U.S. Senators visit University in carbon capture and conversion technology showcase

U.S. Senators visit University in carbon capture and conversion technology showcase

Carbon capture and conversion technology pioneered by a spin-out company formed at the University of Aberdeen was the focus of a visit by an influential group of U.S. Senators and Scotland's Energy Minister yesterday.

Carbon Capture Machine (UK) Ltd is the sole European entrant to reach the finals of the NRG COSIA Carbon XPRIZE, a major international competition that incentivises the development of breakthrough carbon conversion technologies to reduce global CO2 emissions.

The delegation of U.S. Senators was led by Sen. Lisa Murkowski, chairman of the Senate Energy and Natural Resources Committee. Together with Paul Wheelhouse MSP, they formed the core of the group that visited the University’s School of Engineering, where they met with senior figures from the company.

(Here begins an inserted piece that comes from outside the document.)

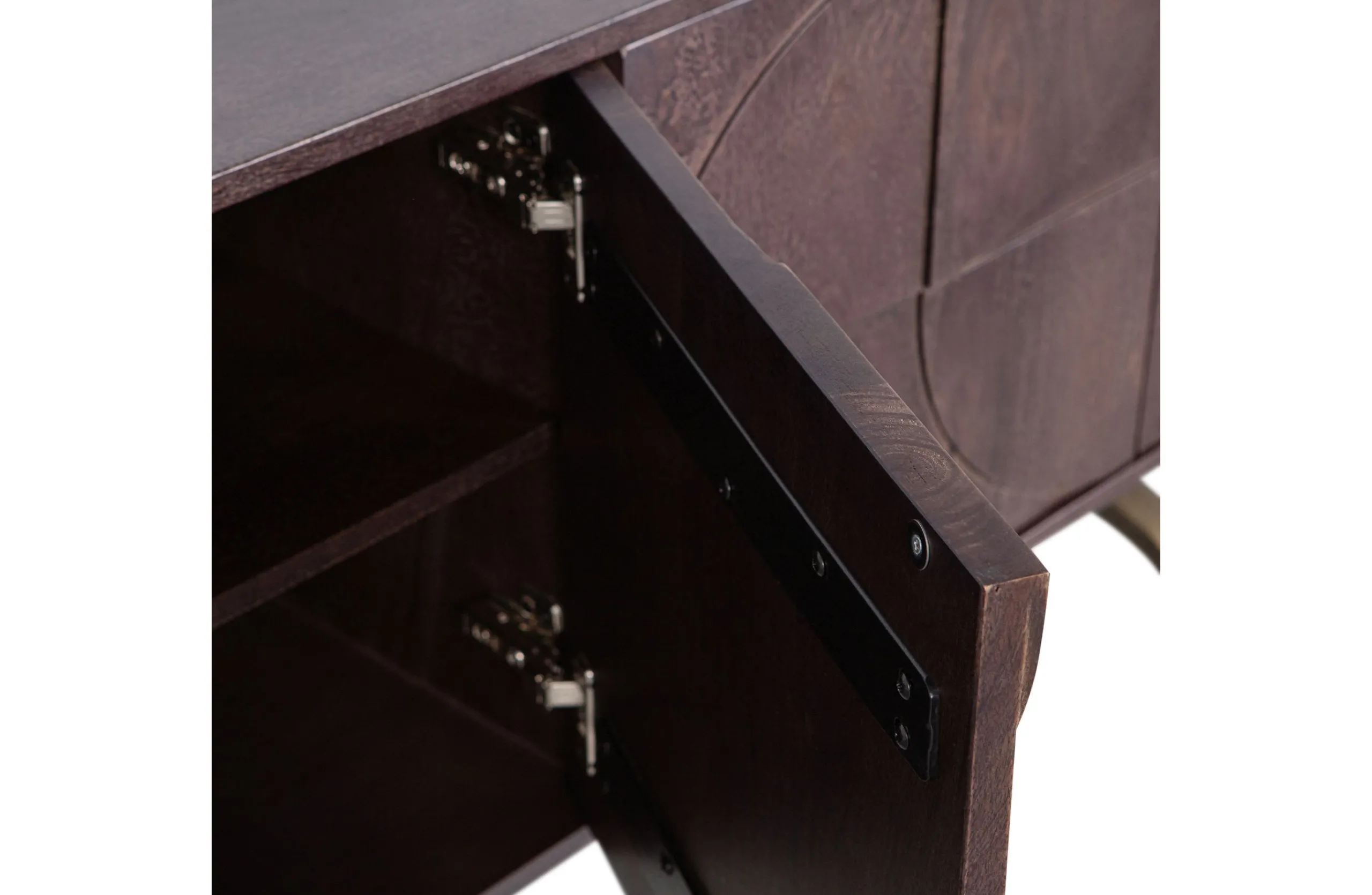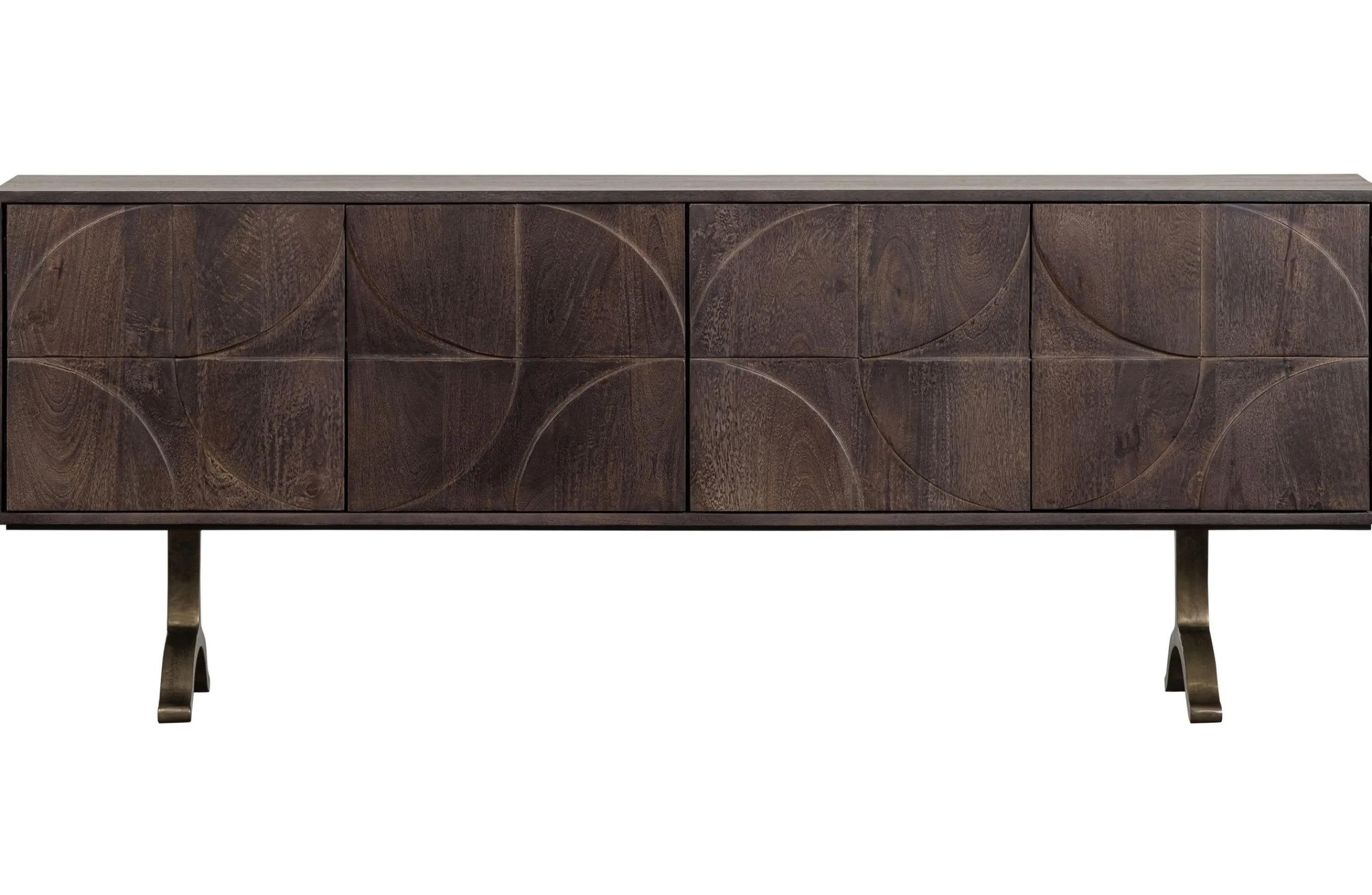 Ausgestattet mit vier Türen bietet dieses Massivholzsideboard Stauraum und Ablagefläche. Das dekorative Möbelstück im schicken Retro-Stil ist ideal im Wohn- und Schlafzimmer einsetzbar. Machen Sie sich sein einzigartiges Design zu Nutzen und werten Sie Ihr Zuhause damit auf! Das warme Walnuss-Finish des Mangoholzes verleiht dem Draw Sideboard sein attraktives Aussehen. Das verspielte Fußgestell sorgt für Leichtigkeit und für große Stabilität. Das 3D-Muster auf den Türen erzeugt eine einzigartige Atmosphäre. Das Zusammenspiel von Materialien und die grafischen Formen sind ein echter Hingucker. Elegant, modern und gleichzeitig funktional. Auf der Rückseite befinden sich zusätzlich zwei praktische Kabellöcher.

A tour of laboratory facilities was followed by a presentation on the company’s work to develop technology capable of capturing CO2 from large industrial emission sources, and turn it into valuable carbon-negative industry feedstocks and building materials for use in construction projects.

Emeritus Professor Fred Glasser, Chair in Chemistry, and Dr Mohammed Imbabi from the School of Engineering conceived and developed the technology over several years.  Together with Professor Zoe Morrison, formerly of the University of Aberdeen Business School, and others, they form the team competing in the Carbon XPRIZE finals.

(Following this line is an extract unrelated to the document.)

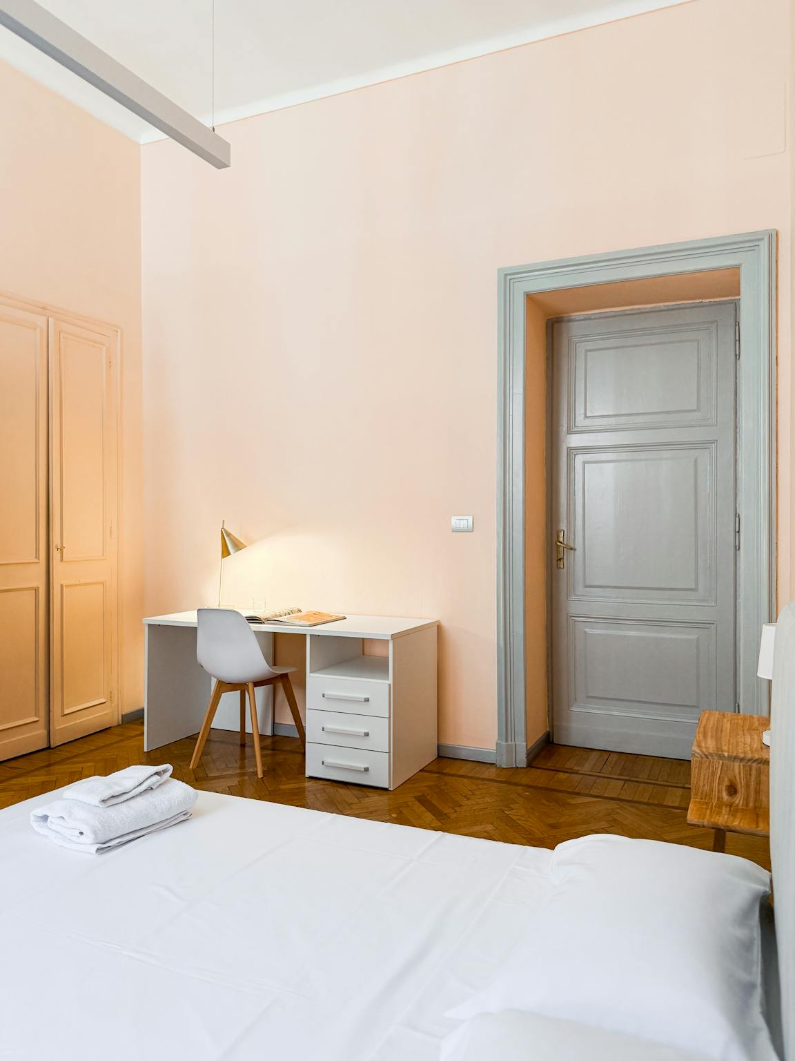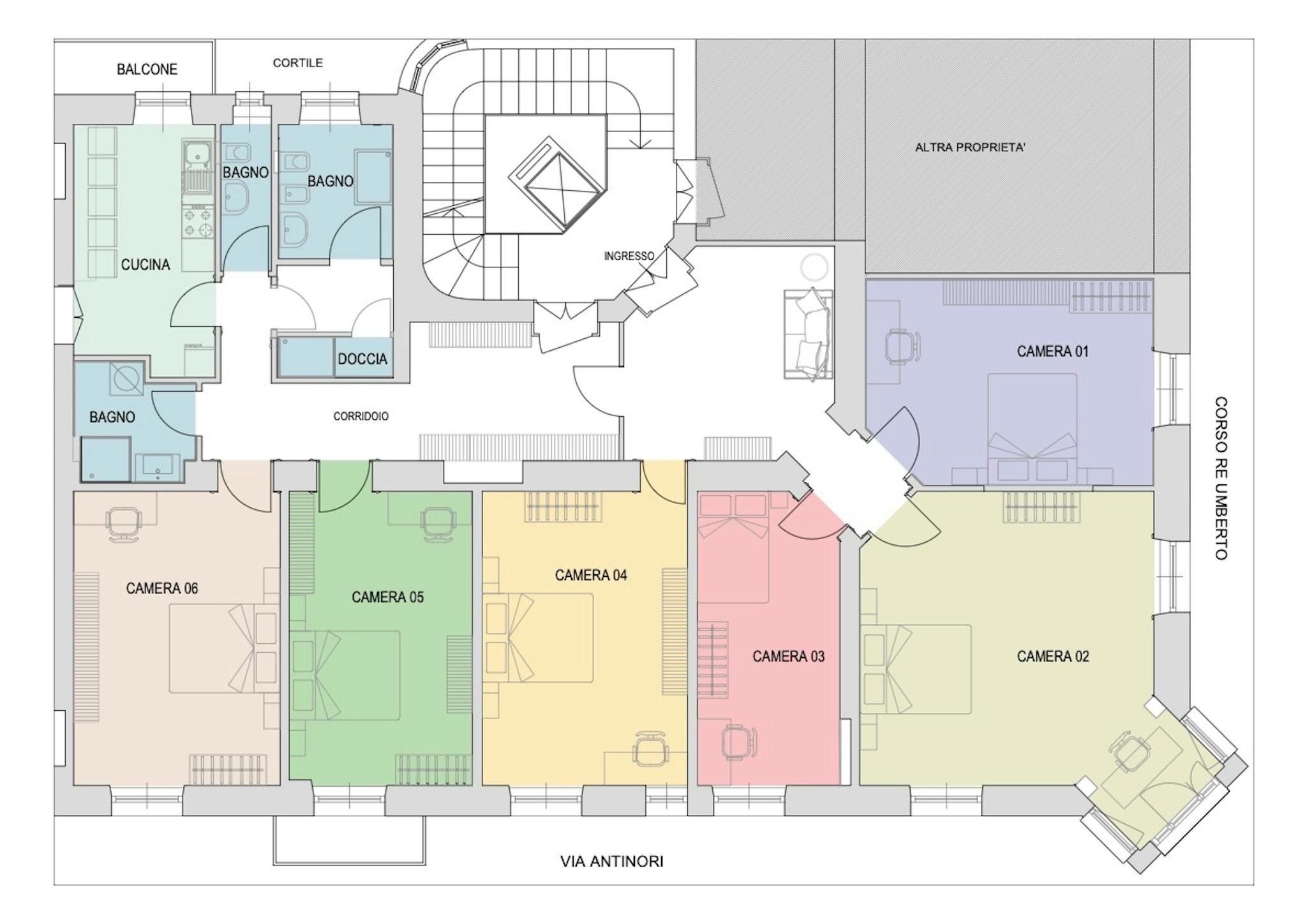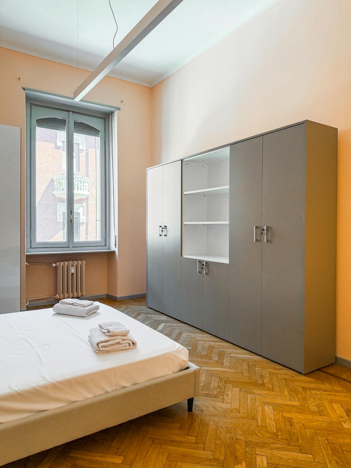 ITA Appartamento ristrutturato situato a 5 minuti a piedi da Piazza Castello, completo di letti, scrivania, sedie, luci e armadio. Cucina in comune attrezzata con pentole, piatti, bicchieri, posate, forno, piano cottura a induzione. Bagno con doc...

Professor Glasser said: “We were delighted to meet the U.S. Senate delegation and Mr Wheelhouse to talk about our development of this technology, which has the potential to be a game-changer in carbon capture and utilisation, as our progression to the XPRIZE finals testifies.

“Our initial aim in developing the technology is to deploy it for use in large-scale industrial settings, de-carbonising at source from power stations, factories, and other major CO2 sources.

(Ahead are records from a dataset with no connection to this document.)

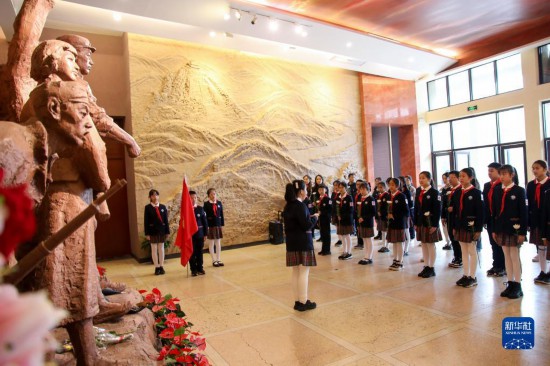 4月3日,合肥市六安路小学翠微分校的少先队员和老师代表在蜀山烈士陵园缅怀先烈。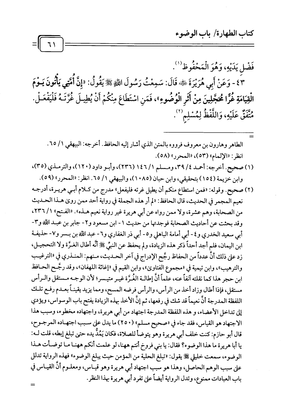 (¬1) صحيح. وقوله: «فمن استطاع منكم أن يطيل غرته فليفعل» مدرج من كلام أبي هريرة، أدرجه نعيم المجمر في الحديث، قال الحافظ: «لم أر هذه الجملة في رواية أحد ممن روى هذا الحديث من الصحابة، وهم عشرة، ولا ممن رواه عن أبي هريرة غير رواية نعيم هذه» .. «الفتح» 1/ 236،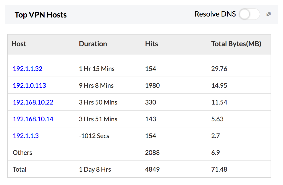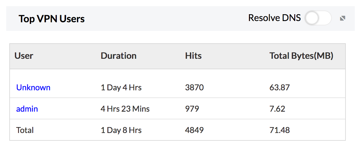 Top VPN users reports will be very handy if you have Remote Host VPNs configured in your environment. It basically gives you the users connected to your VPN and the amount of traffic consumed by them.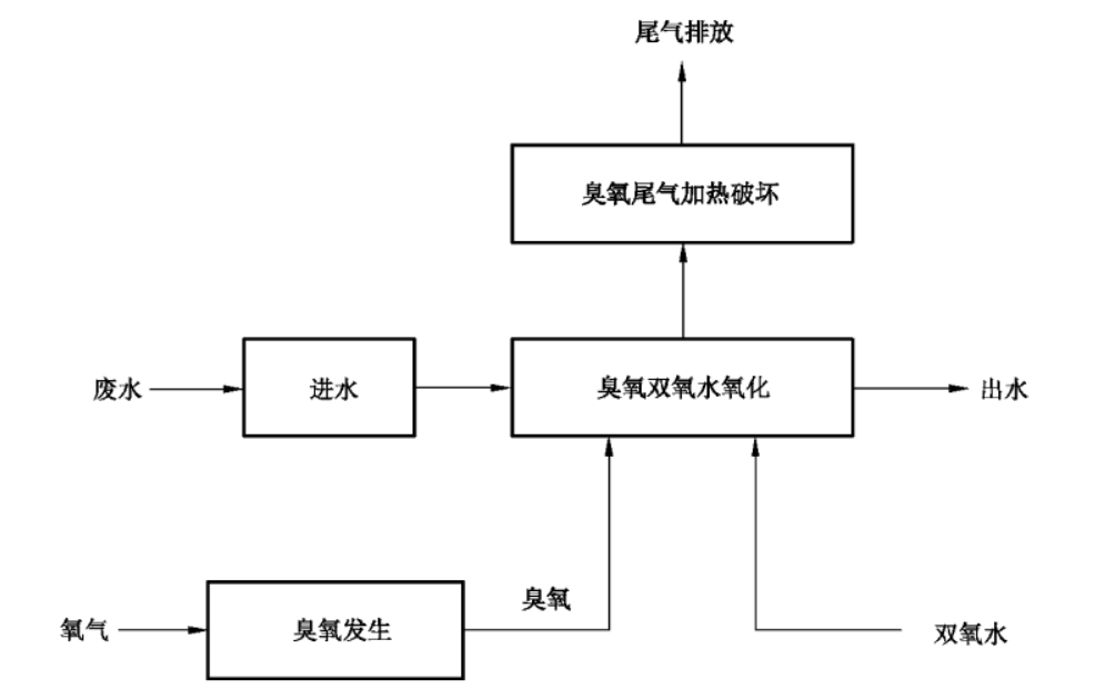 废水经由进水池输送到臭氧双氧水氧化池,通过臭氧发生系统制备的臭氧与双氧水系统投加的双氧水按照一定的比例混合后,在臭氧双氧水氧化池中,通过臭氧气水混合装置及扩散器投加到废水中,并停留一定的时间进行反应,臭氧尾气经臭氧加热破坏器处理后排放。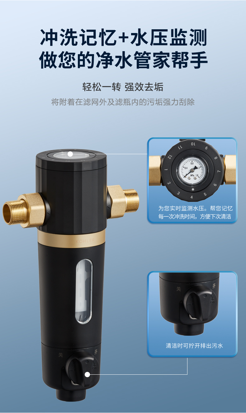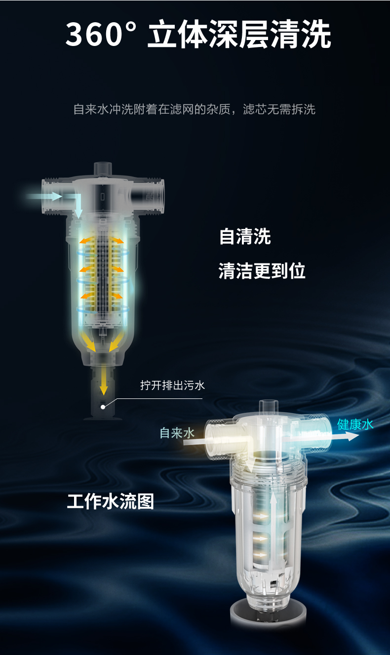具备冲洗清洁功能,虹吸反冲洗系统+双面摩刮,可快速解决滤网污染堵塞问题,强力排污,用水更放心。

“In the future, we envisage that it can also be scaled down and miniaturised for use across a wide range of emission sources, from different transport platforms to people’s homes. 

“By de-carbonising at source and converting CO2 into sustainable products and materials we can have a major impact in reducing global CO2 levels.”

Following the visit, Scottish Energy Minister Paul Wheelhouse said: "As a graduate of the University, I very much enjoyed my visit to the University of Aberdeen and the discussion with the US Senators and their delegation.

"The hands-on tour of the Carbon Capture Machine was fascinating and the project's success to date in becoming a 'Carbon X Prize' finalist is testament to the hard work and ingenuity of the team at Aberdeen.

"I wish them every success in its next challenge to build the 'carbon capture machine' to a commercial scale in Wyoming and was particularly impressed by the ability of the process involved to generate useful building materials that could lock in carbon dioxide emissions and, in doing so, to create value from what has been seen as a damaging waste product, and thereby helping to make a potentially significant contribution to tackling the climate emergency."

University Senior Vice-Principal Karl Leydecker added: “It was an honour to welcome members of the U.S. Senate Committee and Scotland’s Energy Minister to Aberdeen today.

“The University is renowned for its strength in interdisciplinary research that aims to address global challenges, and the creation of CCM (UK) Ltd underlines our commitment to supporting and commercialising emerging technologies that have been developed here.”